Start of AVAILABLE DATA

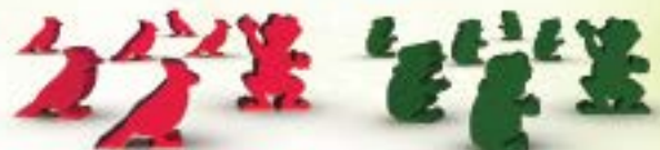
12 CRITTERS (6 CARDINALS, 6 TOADS) AND 2 FROG AMBASSADORS* *FOR USE WITH EVERDELL: PEARLBROOK
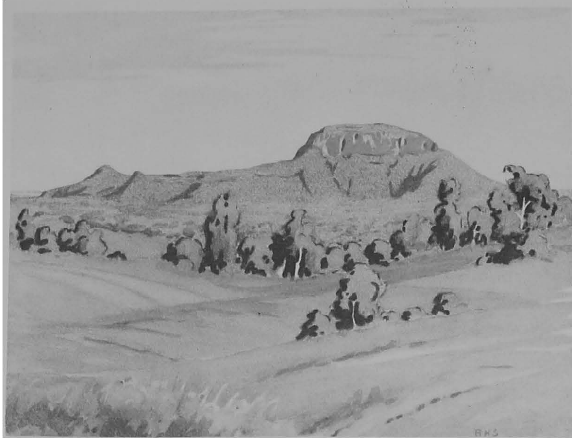
Rāmgarh Hill, Surguja State, C. P.

Reproduced by three colour offset from deep-etched plates.
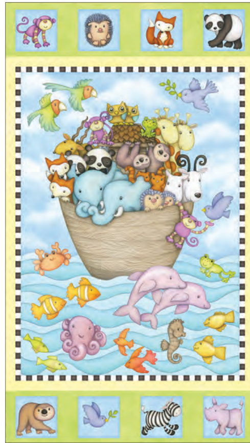
6297P-46 Multi Panel

End of AVAILABLE DATA

The task calls for every line of the data to be returned exactly, without pictures.

**OUTPUT BELOW**
12 CRITTERS (6 CARDINALS, 6 TOADS) AND 2 FROG AMBASSADORS* *FOR USE WITH EVERDELL: PEARLBROOK
Rāmgarh Hill, Surguja State, C. P.

Reproduced by three colour offset from deep-etched plates.
6297P-46 Multi Panel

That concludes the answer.